Exercise brief:
Retype all of the listing exactly, with no pictures.

Data section:
Content starts
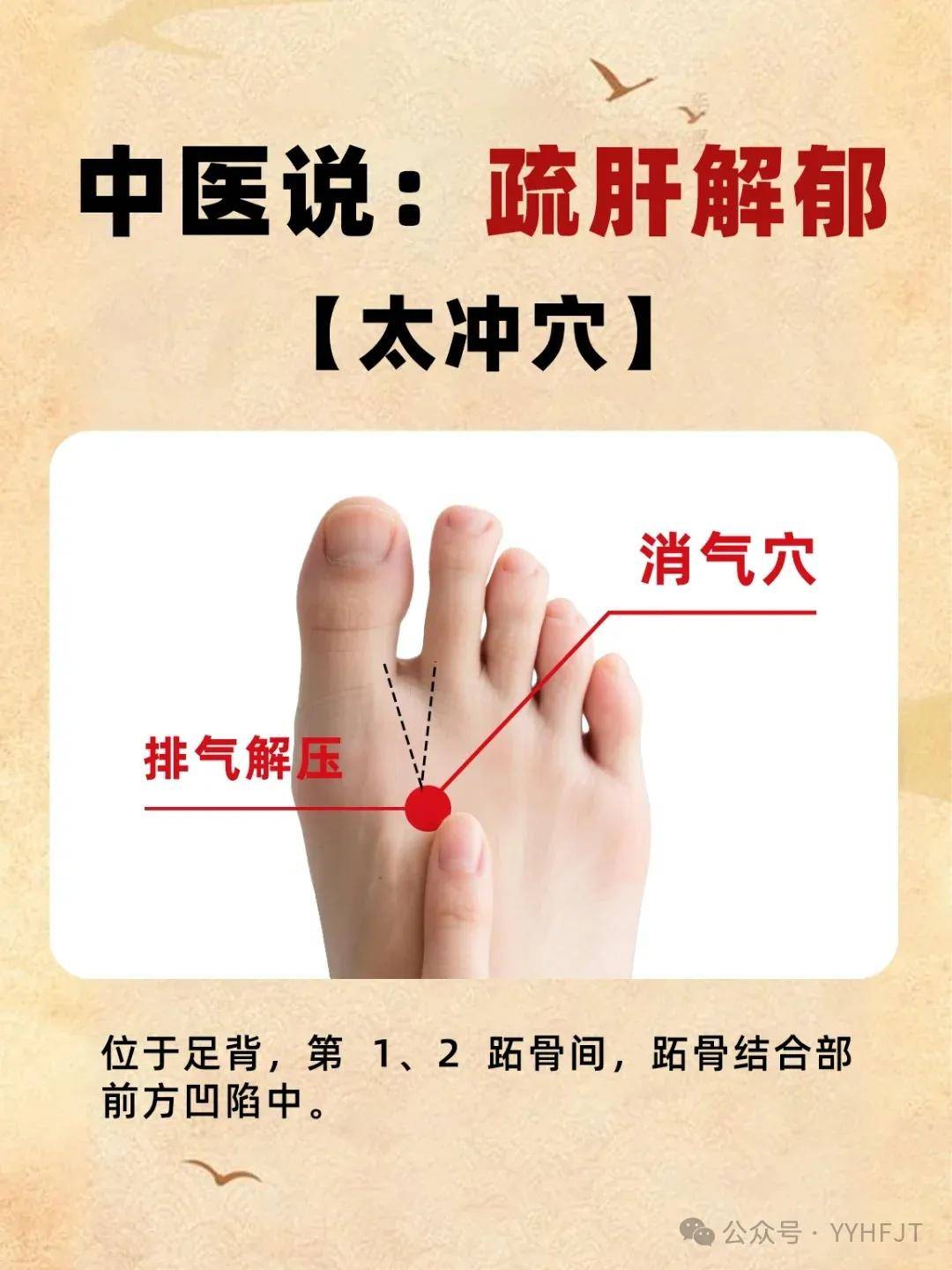 遇到烦心事,可以试试按摩太冲穴——就在脚背上,大脚趾和二脚趾骨头缝中间。边按边吐气,能帮助撒撒肝火。
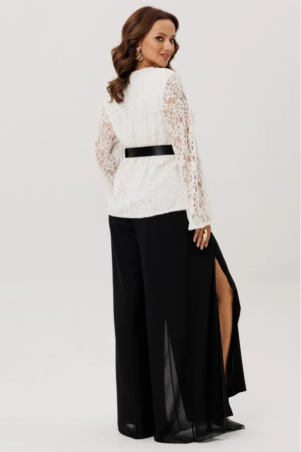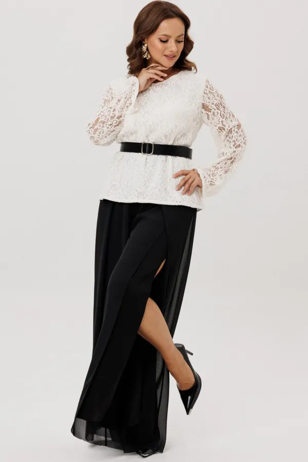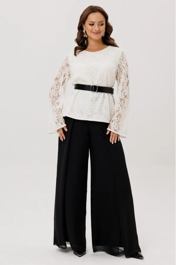 Комплект двойка состоящий из блузки и брюк.Блузка полуприлегающего силуэта, вырез горловины округлый, рукав втачной-клеш. Изделие на подкладке, без застежки.Брюки -палаццо двойные. По талии на резинке, по переду складки ... Читать далее...
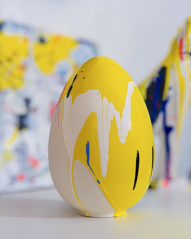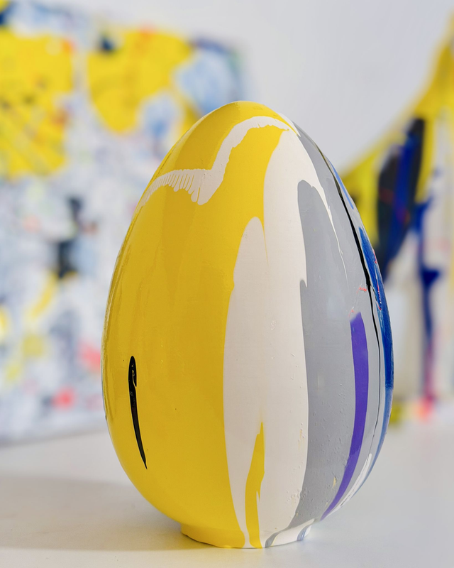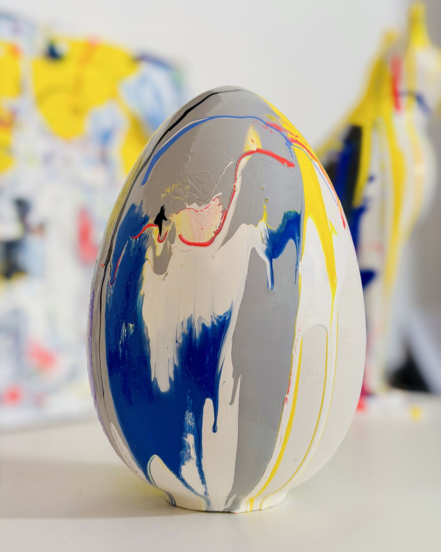 Uovo in terracotta dipinto a mano, pezzo unico. Altezza circa 15cm.
Content ends
Exercise solution:
 遇到烦心事,可以试试按摩太冲穴——就在脚背上,大脚趾和二脚趾骨头缝中间。边按边吐气,能帮助撒撒肝火。
 Комплект двойка состоящий из блузки и брюк.Блузка полуприлегающего силуэта, вырез горловины округлый, рукав втачной-клеш. Изделие на подкладке, без застежки.Брюки -палаццо двойные. По талии на резинке, по переду складки ... Читать далее...
 Uovo in terracotta dipinto a mano, pezzo unico. Altezza circa 15cm.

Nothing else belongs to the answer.